In Table 1, the film (1) is a protective release film (1) having the pressure-sensitive adhesive layer, and the film (2) is a protective release film (2) having the pressure-sensitive adhesive layer. 3) is the protective film (3), film (4) is the protective film (4), film (5) is the protective film (5), and film (6) is the protective film ( 6), the film (7) represents the protective film (7), and the film (10) represents the polarizing film with a retardation film (10).
In addition, about Example 10, the adhesive agent (9) which is a water-system adhesive agent was used. That is, about Example 10, after laminating | stacking the said film while dripping an adhesive agent (9) on the bonding part of the polarizing film surface of a polarizing film with a retardation film, and a protective film, it is 4 minutes at 70 degreeC. Hot air dried.

Claims (6)

An optical film having an optically anisotropic film;
A protective release film attached to the surface of the optical film so as to be peelable through an adhesive layer;
A laminated optical film, wherein the pressure-sensitive adhesive layer has a shear stress of 22 N / cm ² or less.
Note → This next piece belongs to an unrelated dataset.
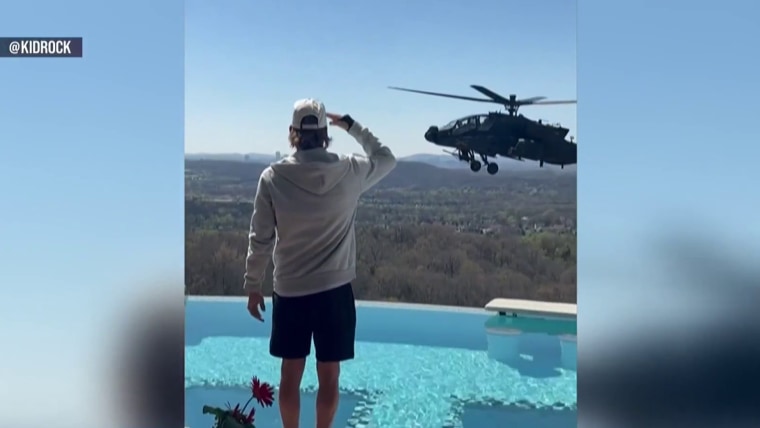 The Army has suspended the aircrew that was filmed flying military helicopters near Kid Rock's home in Tennessee. NBC News' Kelly O'Donnell reports on the incident, the social media video and the investigation being conducted.March 31, 2026

The laminated optical film according to claim 1, wherein the pressure-sensitive adhesive layer has a shear stress of 3 N / cm ² or more.   The laminated optical film according to claim 1, wherein a peelable seal is attached to a surface of the protective release film.   The laminated optical film according to any one of claims 1 to 3, wherein the optical film includes the optically anisotropic film and a protective film laminated on a surface of the optically anisotropic film.   The laminated optical film according to claim 1, wherein the optically anisotropic film includes a retardation film.   An image display device comprising the laminated optical film according to claim 1.